When you visit retail stores. Security camera footage is overlaid with analytics tracking the number of customers entering the store each day, as well the number of purchases made. The same cameras used to deter theft are now being used to track where you are spending time in the store. GPS and WiFi signals are used in a similar way to inform retailers about your exact location in the stores, but the accuracy levels are somewhat limited based on the signals to your device. Though not everyone has a smartphone.

What you can do to get off stores' radar, in person and online:

Turn off your GPS and WiFi
. If you don't want stores to track your activities, you should also disable all social media apps like Instagram and FourSquare from sharing your location.

Whenever possible, pay with cash.
 If you make a purchase with a credit card, you link your name and location to an itemized list of everything you've purchased. Paying with bills means your itemized purchases can't be tied to your name.

Don't register on websites, and use guest checkout. If you're not logged in, retailers can't necessarily match your activity on their site with your name. The less information a website keeps on file (credit card numbers, billing addresses, and so on), the better it is for your privacy. If you must use this data to make a purchase, you can always unsubscribe or delete it after the fact, but some companies do store some of this information.

Clear your cookies. Cookies leave a little footprint on every website you visit, providing personalized data that's easy to access. Try clearing your cookies from your computer frequently.

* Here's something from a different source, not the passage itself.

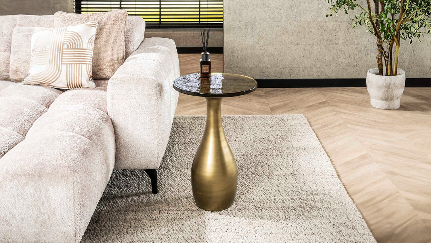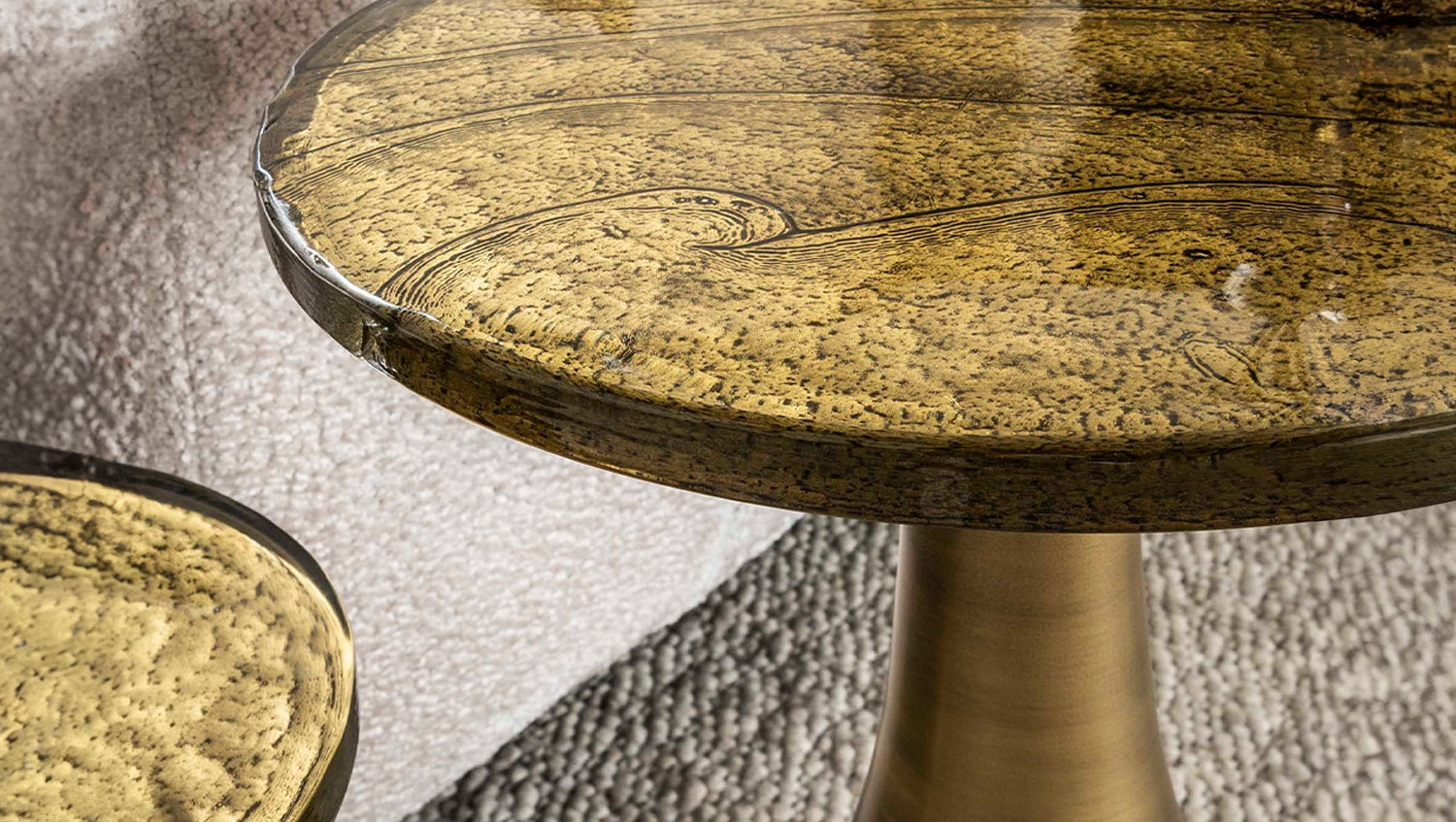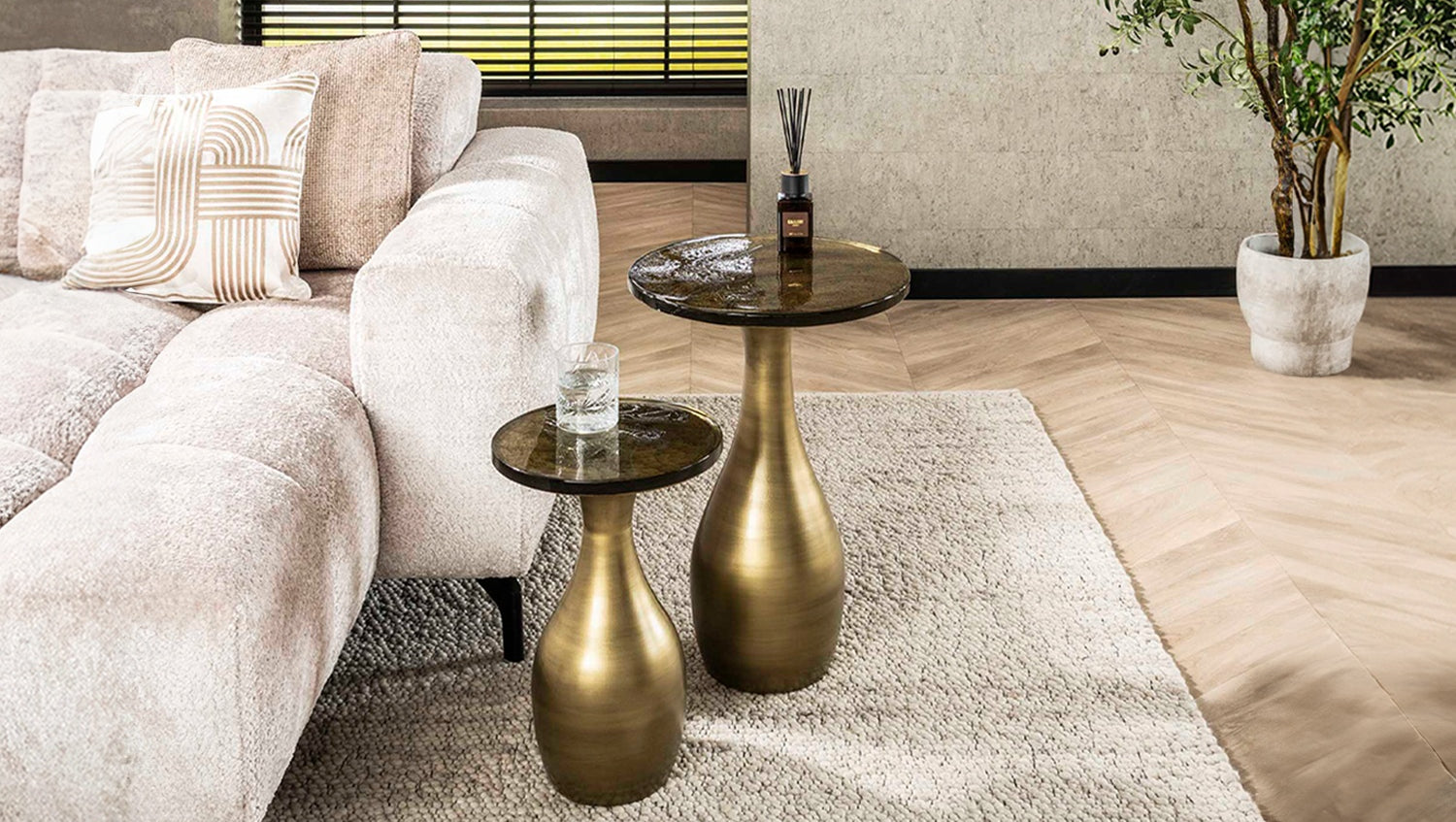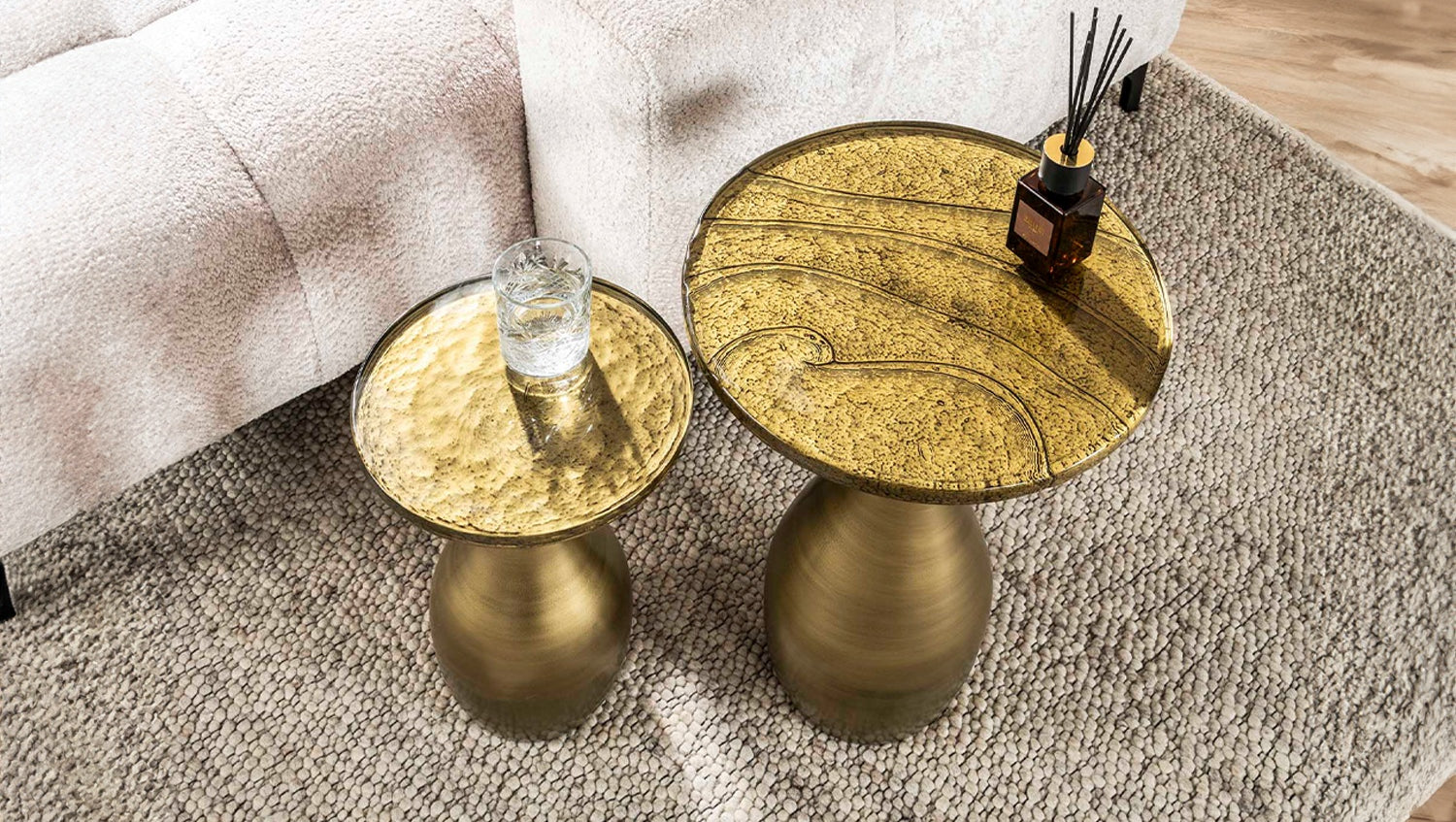 La mesa auxiliar MOKKA en tamaño M de KAWOLA es la combinación perfecta de diseño y funcionalidad. Su estructura metálica en forma de lágrima en brillante oro antiguo irradia elegancia y aporta un toque sofisticado a la estancia. El tablero de cristal estirado se caracteriza por su suave estructura ondulada y sus sutiles irregularidades que recuerdan a la artesanía tradicional. Con su forma de tamaño medio, MOKKA ofrece espacio suficiente para bebidas, libros o adornos, lo que lo convierte en un elegante compañero de diario. Gracias a sus líneas armoniosas, encaja perfectamente tanto en interiores modernos como clásicos y añade un acento discreto y lujoso dondequiera que se coloque.

It may mean having to re-enter forms, but it's better than storing this data online indefinitely.

Don't answer surveys or warranty cards. These are other ways stores can keep tabs on your purchasing habits.

Be cautious of your activities on platforms like Facebook and Google."Google saves every bit of information it collects about you — your usage of it, your email sent through it, where you visit — and it's just sitting on their servers, waiting to be hacked or subpoenaed by the government," says Amadeo. "[Google] can sell information about you to advertisers and collects even more information if you use Chrome, Gmail, Google calendar . . . " Amadeo warns that Facebook also uses all the information you put on its site (your favorite movies or your new engagement ring photo, for example) to sell to advertisers. Even if your account is private, this data is public property and will potentially exist somewhere on the web forever.